President Netumbo Nandi-Ndaitwah will lead the Namibian delegation to the conference.
Namibia is gearing up strategically for COP30 in Belém, Brazil, with a focus on organisation, clear agenda-setting and effective representation.
The team is set to address complex questions about Namibia's evolving climate policies, including the integration of oil and gas development into the third Nationally Determined Contribution, anticipating scrutiny of emissions and mitigation plans.
Namibia's approach to COP30 is to harness the institutional frameworks developed over the past decade, such as the Green Climate Fund and the Adaptation Fund, and leverage them to improve practical outcomes.
Petrus Muteyauli, the Head of Multilateral Environmental Agreements at the Ministry of Environment, Forestry and Tourism (MEFT), said, "We'll of course finalise modalities about matters on loss and damage, especially the Loss and Damage Fund, which is supposed to help developing countries to cope with damages and losses associated with climate change impacts. We will also be finalising matters pertaining to climate finance, the roadmap to mobilise the N$1.3 trillion by 2025 and beyond to help developing countries cope with the adverse impacts of climate change.

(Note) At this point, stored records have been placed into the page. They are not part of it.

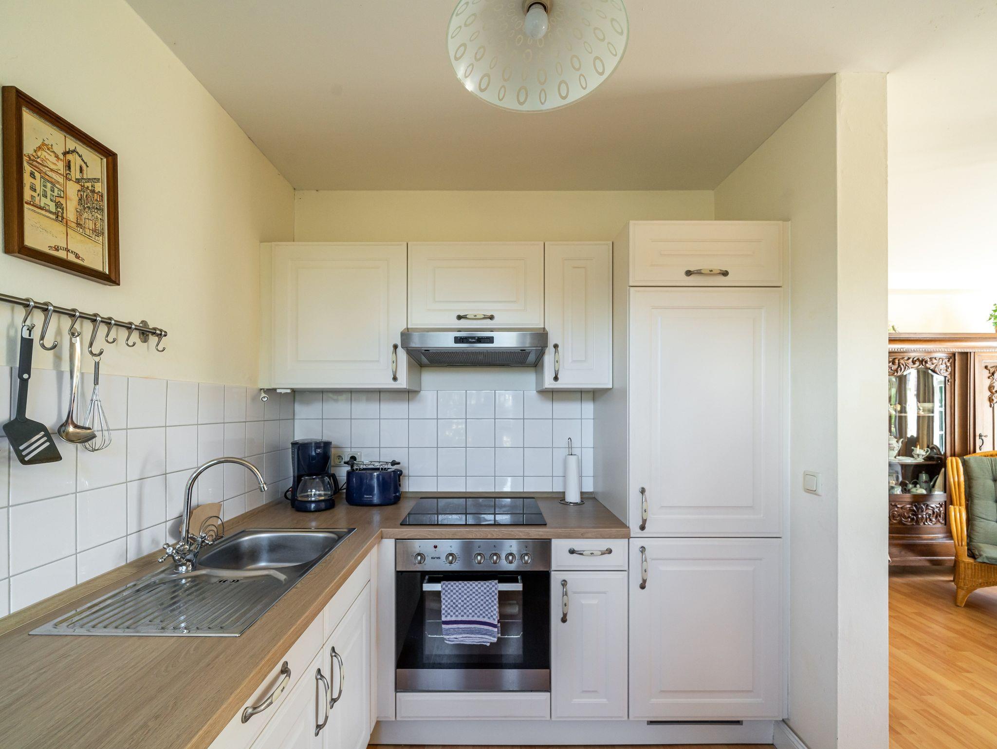 Die Küche hat eine Kühl-Gefrierkombinationen, einen Herd, einen Backofen, eine Kaffeemaschiene, einen Wasserkocher und einen Toaster.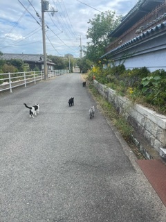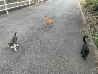 餌やりに行くと皆道に広がります。その時車が通るとかなり危険です。近隣の方は分かっているので徐行してくれますが、徐行しない方もおられます。車が来たら退くとでも思っているからでしょう。この辺の猫たちはのんびりしていて退かない子もいます。急に飛び出す子もいて毎日ヒヤヒヤしています。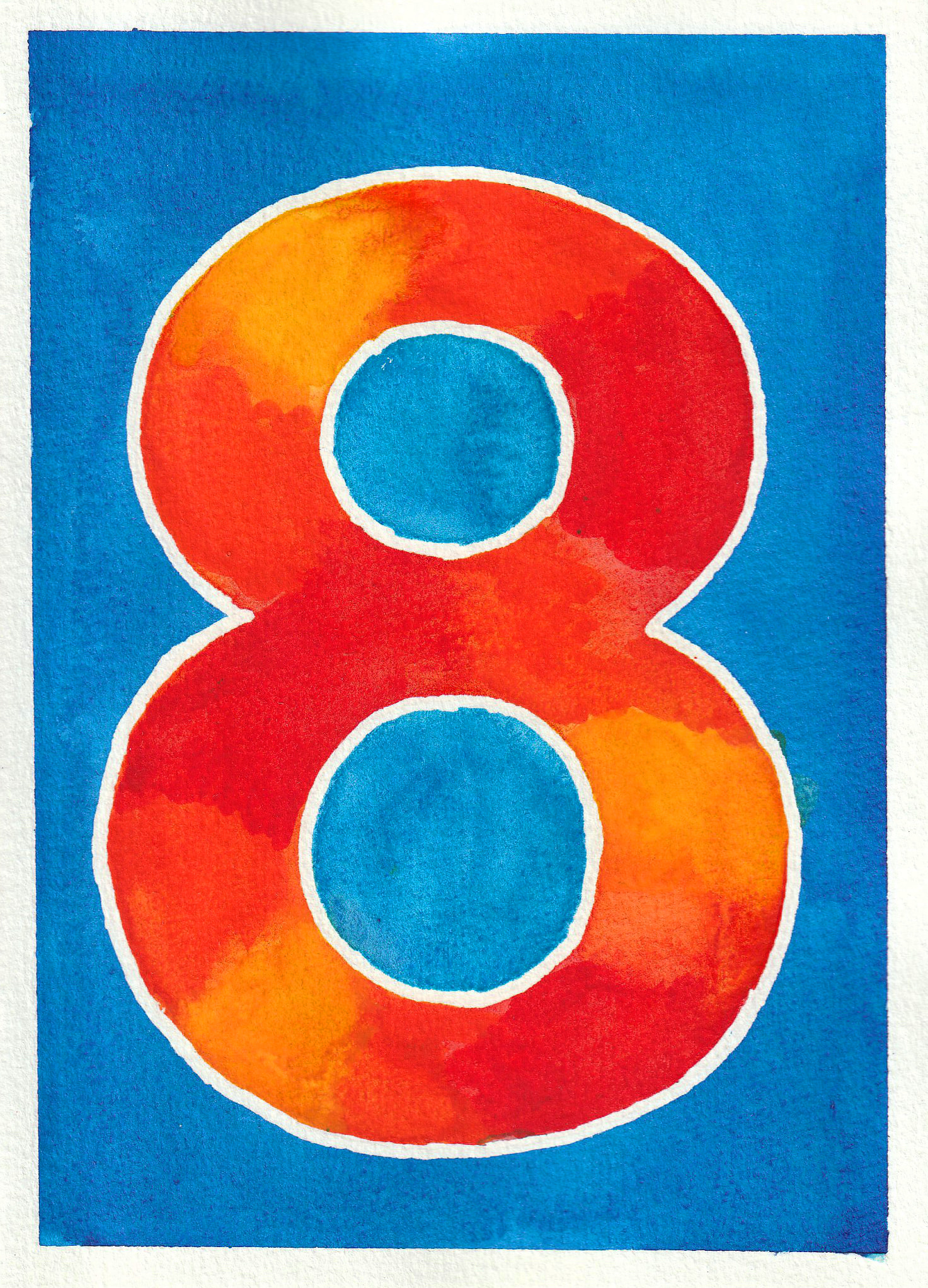 I really like the boldness of the design, both in color (I love orange and blue together), and the size of the number. The white outline does a great job of framing the number without chopping up the design, too!

Of course, there are also pending issues when it comes to adaptation. We set ourselves an adaptation goal, and there have to be some indicators that are being developed. There were over 4,000 indicators, but now we have streamlined them to just below a thousand."
Environmental Commissioner Timoteus Mufeti explained that "In the (third Nationally Determined Contributions) NDC3, which we are now starting to prepare, we are going to put NGC3 – I mean the oil and gas – in that report. So you will find people asking Namibia, You say you are committing to this, and now you are going to produce oil and gas. How is your emission going to be, and how are you going to manage it?"
The conference is scheduled to take place from November 10 to 21, marking a key milestone roughly a decade after the adoption of the Paris Agreement.